Nairobi — A new pact has been signed between Kenya and the United Kingdom to facilitate the repatriation of proceeds of corruption and economic crimes.
The two nations also signed a security agreement that will see Kenyan security agencies benefit from a robust capability building programme.
Announcing the agreements during a joint media briefing with Prime Minister Theresa May on Thursday, President Uhuru Kenyatta said Kenya was keen on harnessing on existing trade and security pacts with the United Kingdom for the attainment of the Big Four development agenda.
"Fighting corruption is an important aspect of my legacy programme together with the unity of the country and the attainment of our Big Four centered on investment in housing, manufacturing, food security, and universal health," he said.
"Depriving people of the proceeds of crime is one major detriment against this vice and we're determined to make it painfully unrewarding and expensive to get involved in corruption in Kenya," President Kenyatta pointed out.
Speaking at the joint media briefing, May said the United Kingdom will align its expertise, investments, and aid programs with the Big Four agenda.

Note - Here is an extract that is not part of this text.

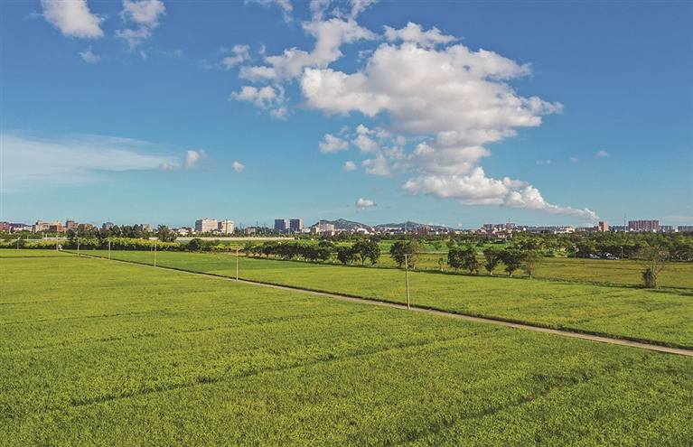 本报讯 7月3日,石狮湿地公园内的稻田里黄绿相间,微风拂过,稻浪翻滚,飘来阵阵稻香,我市水稻长势喜人,即将迎来丰收。从高空俯瞰,稻田阡陌纵横,与村落、远山、小路构成了一幅美丽的田园画卷。水稻种植户林金盾告诉记者,本月中旬他们将开始进行水稻收割。 (记者 颜华杰)

"The UK is already the largest investor in Kenya and I have set out this week our ambition to be the G7's largest investor in Africa by 2022," she said.
As part of efforts to combat terrorism in the region, May said she would soon authorize a new funding deal for the African Union Mission in Somalia (AMISOM) troops in Somalia as it seeks to support Kenya in the fight against terrorism.

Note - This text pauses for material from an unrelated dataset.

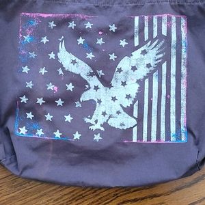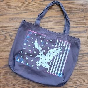 Cloth bag from American Eagle Outfitters. Gray with white eagle and American flag design on front. Also has touches of blue and pink color.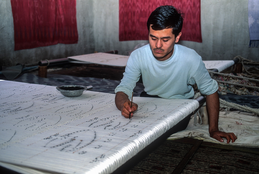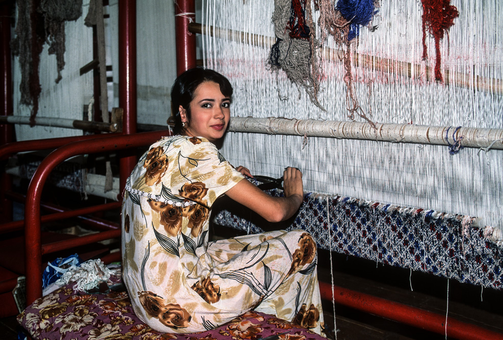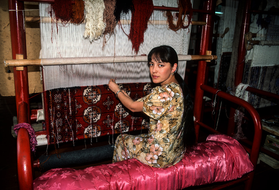 In einem großen Raum stehen Handwebstühle und nette Mädchen lassen fröhlich das Schiffchen fliegen. Das Design, das hier gewoben wird ist sehr usbekisch. Kräftige Farbkompositionen, mit großen, flächigen Mustern. Das Fotoshooting ist eine willkommene Abwechselung und die Girls haben Ihre Freude an dem Spaß.

"The UK continues to support the commitment of brave Kenyan soldiers fighting in Somalia against the Al-Shabaab and I'll announce a new package of funding to support the AMISOM," she said.

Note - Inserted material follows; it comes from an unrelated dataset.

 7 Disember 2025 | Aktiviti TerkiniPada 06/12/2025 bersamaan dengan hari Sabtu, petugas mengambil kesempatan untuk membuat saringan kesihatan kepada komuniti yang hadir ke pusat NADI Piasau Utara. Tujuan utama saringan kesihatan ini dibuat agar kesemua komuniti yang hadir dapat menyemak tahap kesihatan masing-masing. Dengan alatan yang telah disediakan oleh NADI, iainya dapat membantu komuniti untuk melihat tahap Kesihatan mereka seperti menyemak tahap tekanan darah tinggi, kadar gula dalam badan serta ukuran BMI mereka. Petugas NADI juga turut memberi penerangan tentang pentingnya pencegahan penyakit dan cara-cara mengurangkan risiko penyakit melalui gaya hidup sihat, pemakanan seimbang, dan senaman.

May accepted President Kenyatta's call for a transition from AMISOM to Somali security forces saying the UK shared a similar ambition.
"We also want a transition to stronger Somali security forces. As we work towards this, we're leading international efforts to ensure that AMISOM has the funding it needs to support its vital battle against terror," she said.
May also committed to retaining an existing duty-free and quota-free arrangement for Kenyan imports to her country, after leaving the European Union in March next year.
She said the UK was keen on a smooth transition post-Brexit that will ensure stability for both countries.
"As Britain prepares to leave the European Union, we're committed to a smooth transition that ensures continuity in our trading relationship with Kenya, ensuring Kenya retains its duty-free and quota-free access to the UK market," May said.
"We wish to build our strong trade an investment ties to create even more opportunities for our businesses and consumers," she added.
President Kenyatta hailed the commitment saying Kenya was focusing on enhancing existing trade agreement with the United Kingdom for the benefit of both nations.
"We welcome the Prime Minister's assurance that the current duty-free and quota-free for Kenyan exports will continue after Brexit. Kenya will be pressing for an increased in exports on the basis of a fair market arraignment with a view of a mutual win-win arrangement," he said.
May who has been on a maiden tour of the African continent that has seen her visit South Africa and Nigeria arrived at the State House at 11.15 am.
She was accorded a 19-gun salute in addition to a guard of honour mounted by the Kenya Air Force.
Deputy President William Ruto and Foreign Affairs Cabinet Secretary Monica Juma were among members of the cabinet that joined President Kenyatta in bilateral talks with May.
Other Cabinet Secretaries present were Raychelle Omamo (Defence), Henry Rotich (Treasury), Fred Matiangi (Interior), Margaret Kobia (Public Service), Farida Karoney (Lands), John Munyes, (Petroleum), Najib Balala (Tourism), Amina Mohamed (Education), and Attorney General Paul Kihara.